The maker of Eskimo Pies has officially changed the name of the nearly 100-year-old sweet treat.
Dreyer’s, the parent company of the ice cream maker, announced the product will now be called Edy’s Pies.
“The name Edy’s Pie was chosen in honor of one of our company’s founders, candy maker Joseph Edy, as well as a form of tribute to the entrepreneurial origins of this treat,” Elizabell Marquez, head of marketing for Dreyer’s, said in a statement this week.
The name change comes a few months after many companies promised to reexamine names and logos of popular products linked to figures some said were racially insensitive, including Uncle Ben’s Rice and Aunt Jemima’s pancake mix and syrup.
“We are committed to being a part of the solution on racial equality, and recognize the term is derogatory,” Marquez said in a June statement. “This move is part of a larger review to ensure our company and brands reflect our people values.”
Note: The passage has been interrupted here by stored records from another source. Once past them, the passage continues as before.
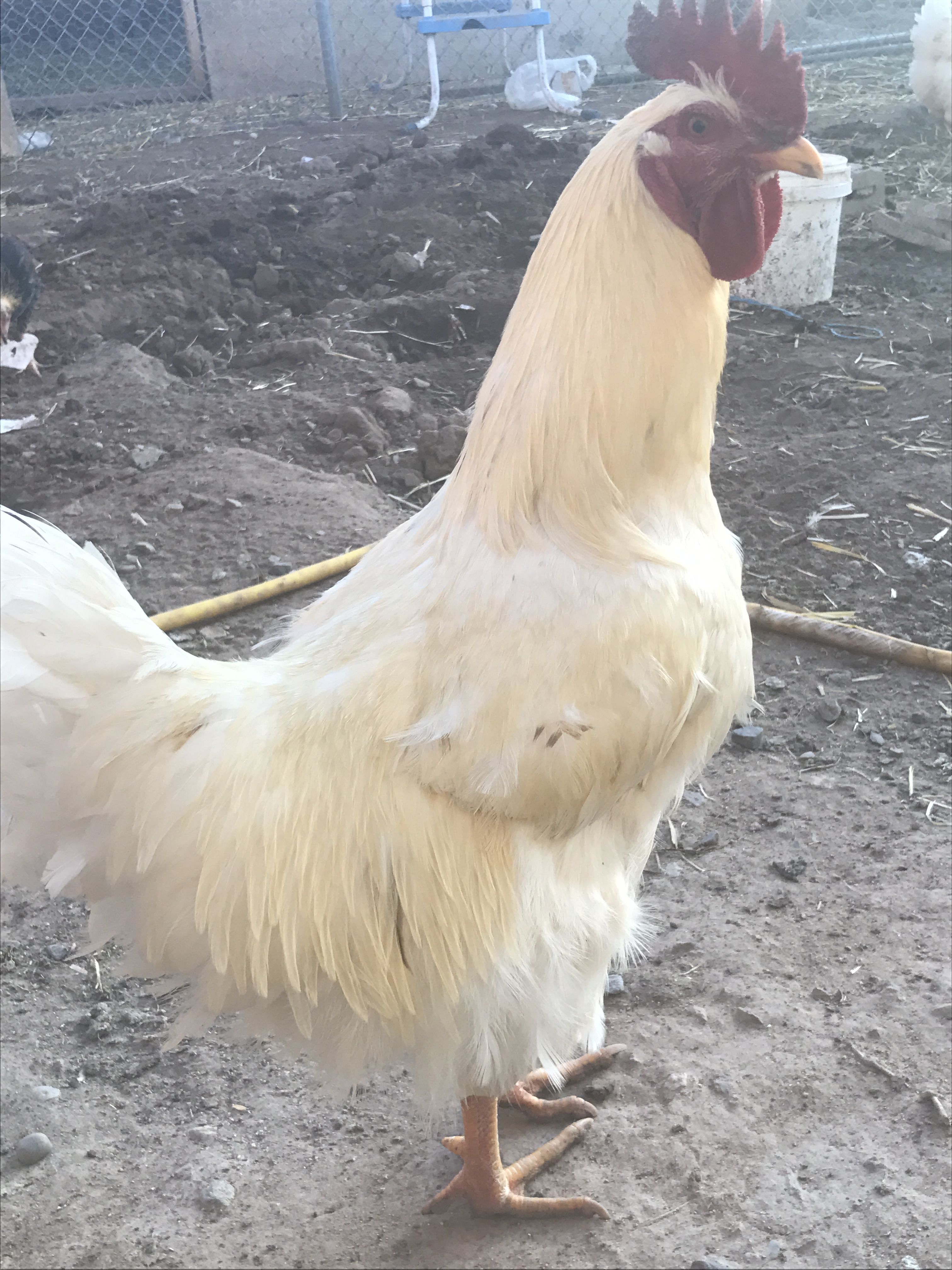 I'm new on here sorry if this sounds funny to y'all but I was wondering what breed my rooster is ? He's white and has yellowish feathers on top I also have a white one. With like brown spots and a little yellow on top as well I only have a picture of my main rooster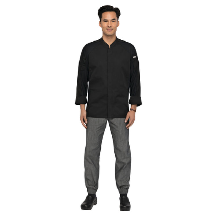 Chef Works CES04-BLK-XL Chef's Coat Long Sleeve Single-breasted Black Cotton Polyester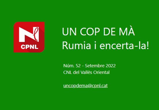 Trobareu tots els números d'Un cop de mà. Rumia i encerta-la! aquí.Restem, com sempre, a la vostra disposició per respondre qualsevol pregunta o consulta que ens vulgueu formular i us animem a fer-nos arribar (uncopdema(ELIMINAR)@cpnl.cat) idees o suggeriments que procurarem incloure en noves edicions.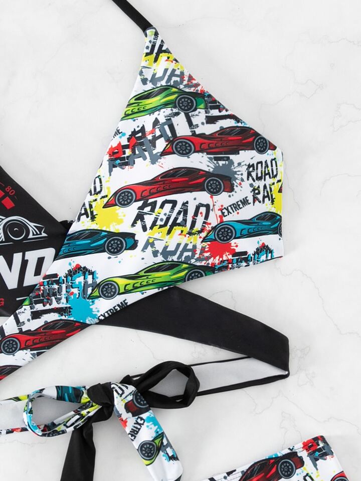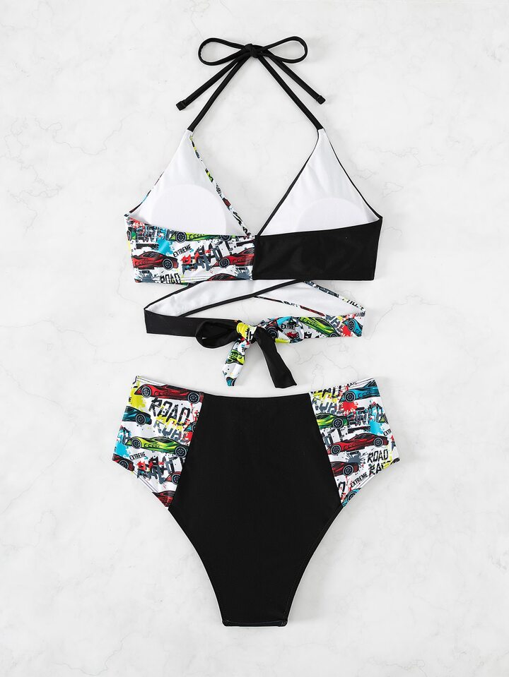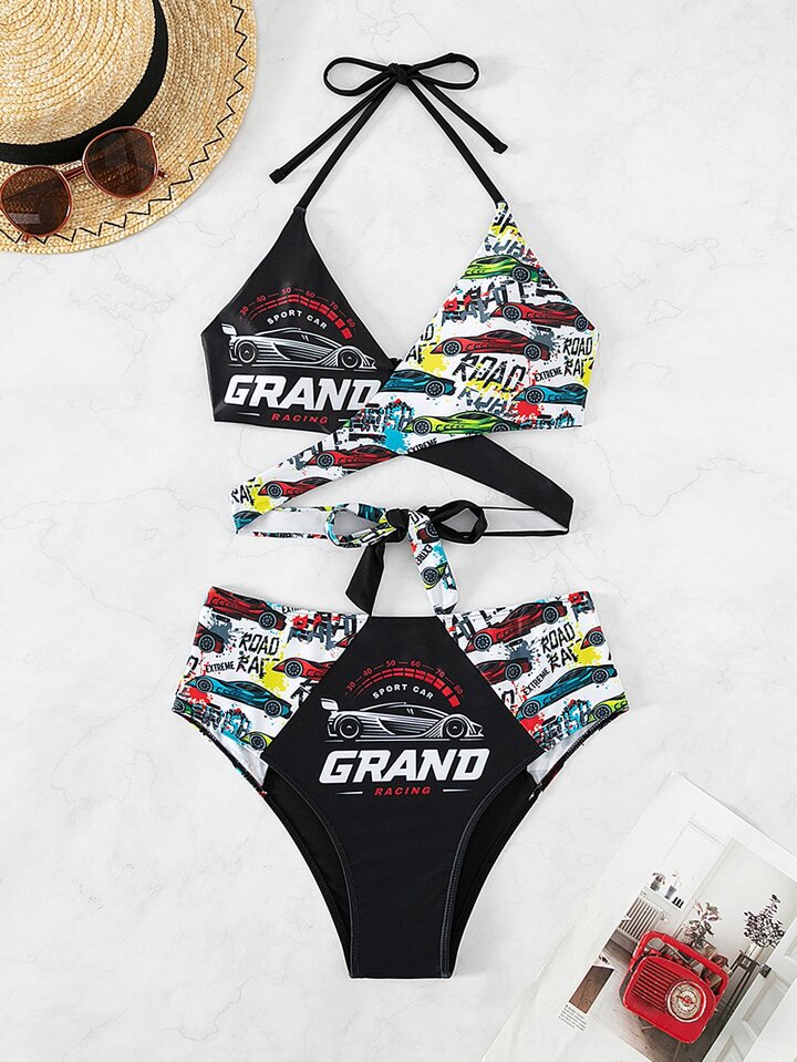 بكيني صيفي بحمالات ربطة حرف الرسوم البيانية للشاطئ

The newly named product will hit shelves in early 2021. For now, production of the ice cream bars has paused.
The term “Eskimo” is considered offensive by some groups, in part because the word refers collectively to multiple distinct groups of native people, including the Yupik, Aleuts and Inuit peoples of the Arctic regions of northern Canada, Alaska, Greenland and Siberia.
“This name is considered derogatory ... because it was given by non-Inuit people,” the Alaska Native Language Center at the University of Alaska explains.
Nestle-owned Dreyer’s will discontinue the use of the Eskimo character on packaging.